[WORKING DATA Boundary: Start]
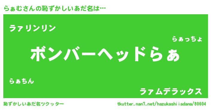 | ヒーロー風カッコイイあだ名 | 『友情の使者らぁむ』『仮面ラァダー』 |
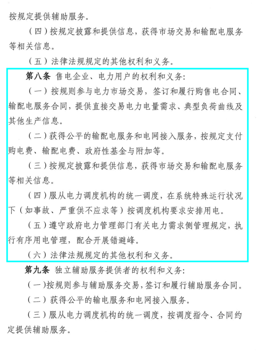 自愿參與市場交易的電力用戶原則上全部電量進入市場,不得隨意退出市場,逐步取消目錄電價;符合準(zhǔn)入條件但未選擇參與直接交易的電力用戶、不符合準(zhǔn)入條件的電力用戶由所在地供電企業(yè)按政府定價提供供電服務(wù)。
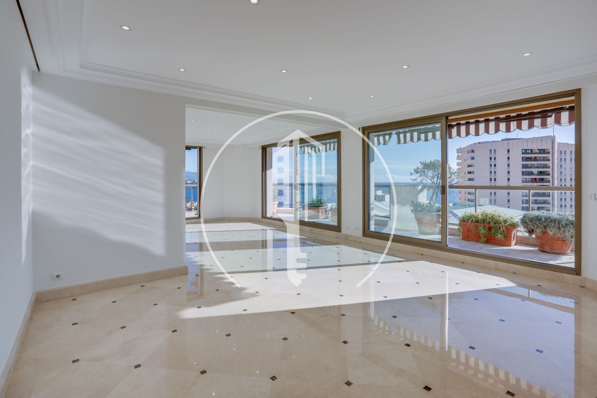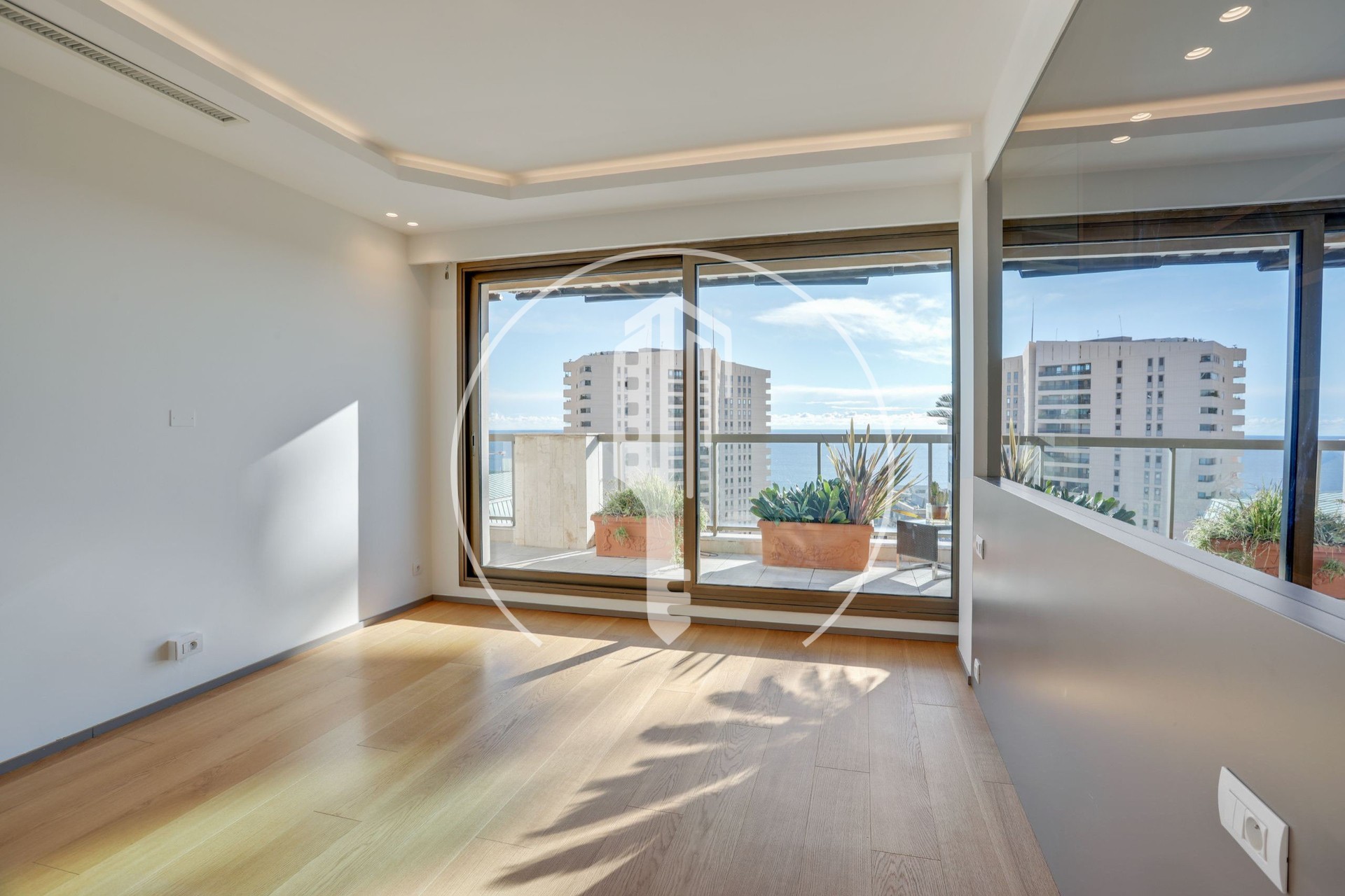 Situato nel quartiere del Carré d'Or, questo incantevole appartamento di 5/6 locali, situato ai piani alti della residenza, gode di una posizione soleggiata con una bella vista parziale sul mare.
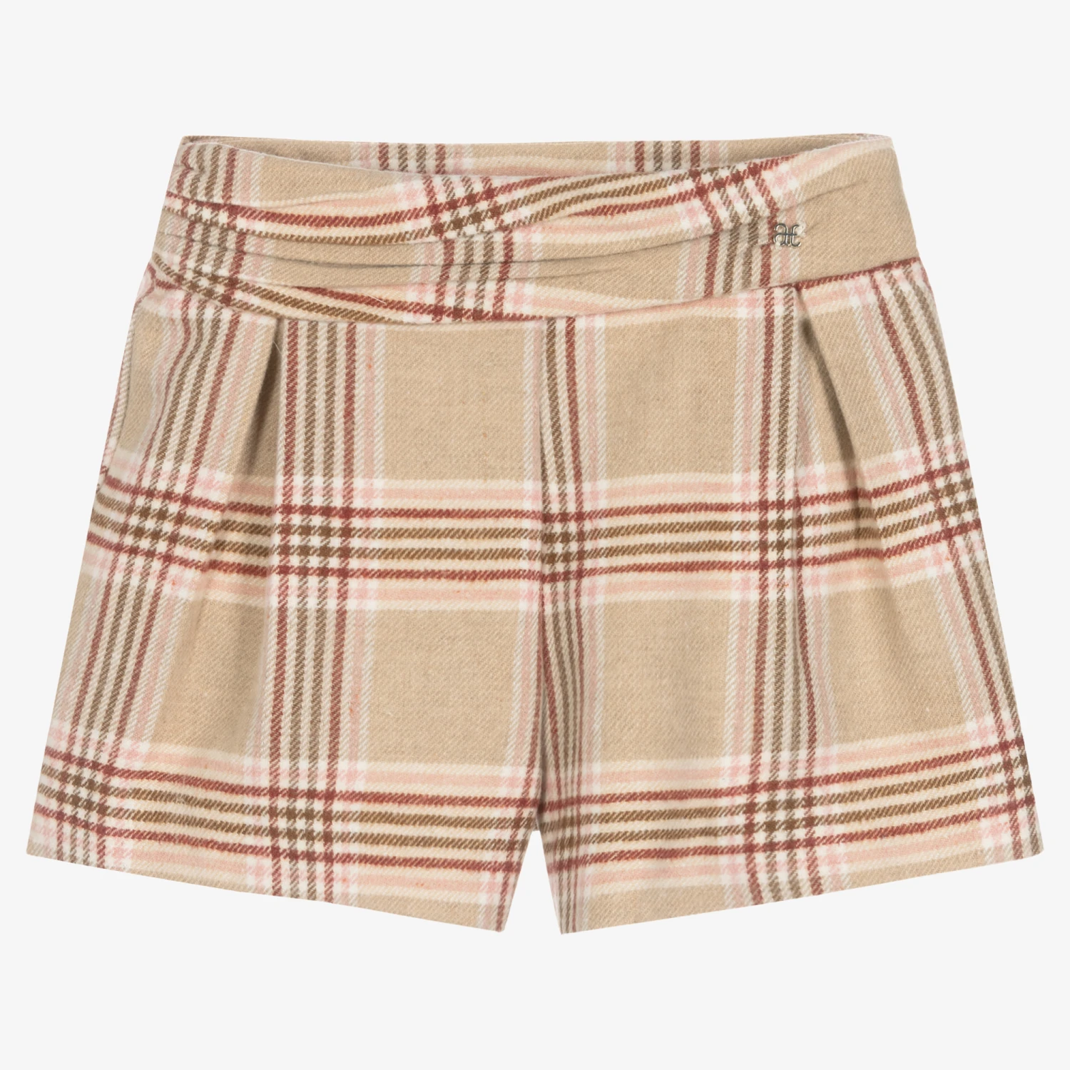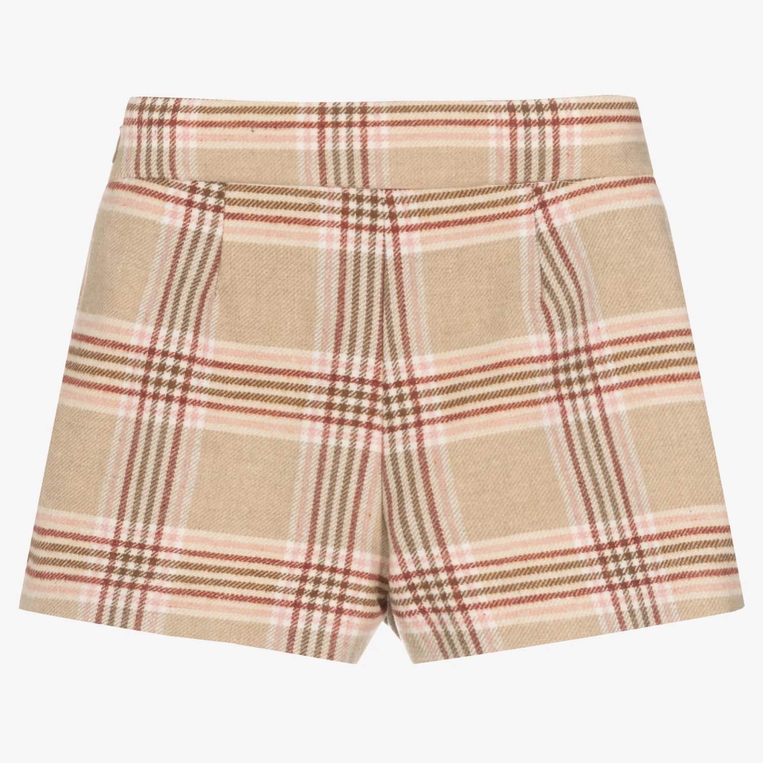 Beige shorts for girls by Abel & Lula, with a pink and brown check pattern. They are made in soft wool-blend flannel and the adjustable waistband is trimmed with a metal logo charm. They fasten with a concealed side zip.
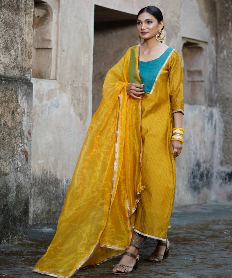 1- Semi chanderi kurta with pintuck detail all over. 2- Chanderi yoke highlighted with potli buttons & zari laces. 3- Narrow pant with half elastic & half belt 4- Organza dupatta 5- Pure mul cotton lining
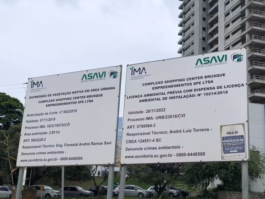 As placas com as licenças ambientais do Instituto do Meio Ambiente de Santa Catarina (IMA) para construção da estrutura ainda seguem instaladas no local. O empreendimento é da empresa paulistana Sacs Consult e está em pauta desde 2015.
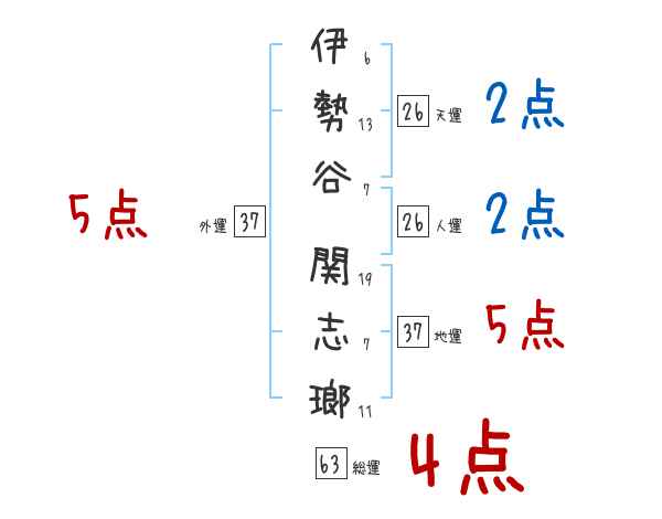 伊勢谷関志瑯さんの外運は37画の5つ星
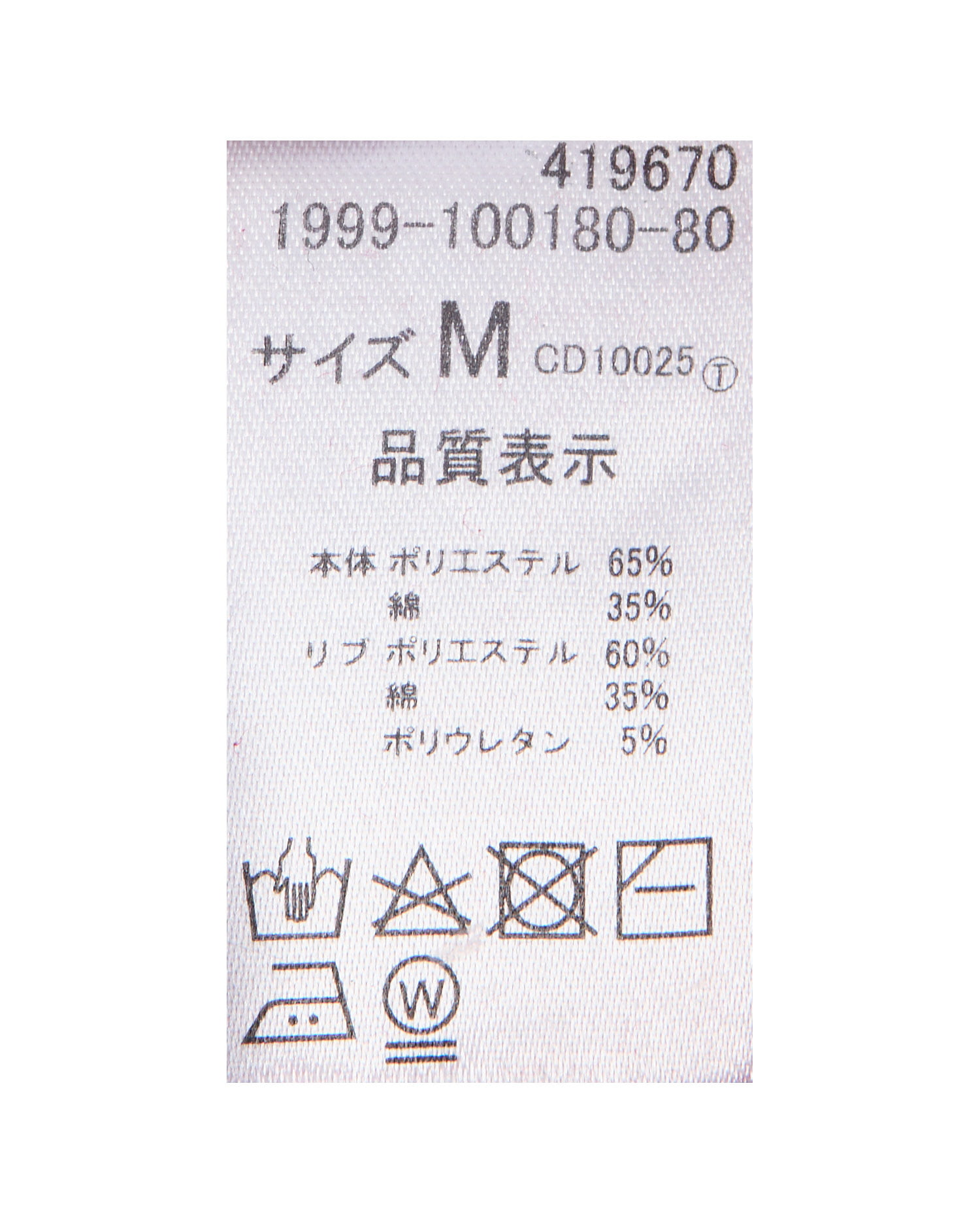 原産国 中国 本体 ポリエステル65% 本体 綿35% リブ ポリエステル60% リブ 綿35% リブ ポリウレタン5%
[WORKING DATA Boundary: End]
ASSIGNMENT. With every picture removed, give the entries above again exactly.

RESPONSE AREA.
 | ヒーロー風カッコイイあだ名 | 『友情の使者らぁむ』『仮面ラァダー』 |
 自愿參與市場交易的電力用戶原則上全部電量進入市場,不得隨意退出市場,逐步取消目錄電價;符合準(zhǔn)入條件但未選擇參與直接交易的電力用戶、不符合準(zhǔn)入條件的電力用戶由所在地供電企業(yè)按政府定價提供供電服務(wù)。
 Situato nel quartiere del Carré d'Or, questo incantevole appartamento di 5/6 locali, situato ai piani alti della residenza, gode di una posizione soleggiata con una bella vista parziale sul mare.
 Beige shorts for girls by Abel & Lula, with a pink and brown check pattern. They are made in soft wool-blend flannel and the adjustable waistband is trimmed with a metal logo charm. They fasten with a concealed side zip.
 1- Semi chanderi kurta with pintuck detail all over. 2- Chanderi yoke highlighted with potli buttons & zari laces. 3- Narrow pant with half elastic & half belt 4- Organza dupatta 5- Pure mul cotton lining
 As placas com as licenças ambientais do Instituto do Meio Ambiente de Santa Catarina (IMA) para construção da estrutura ainda seguem instaladas no local. O empreendimento é da empresa paulistana Sacs Consult e está em pauta desde 2015.
 伊勢谷関志瑯さんの外運は37画の5つ星
 原産国 中国 本体 ポリエステル65% 本体 綿35% リブ ポリエステル60% リブ 綿35% リブ ポリウレタン5%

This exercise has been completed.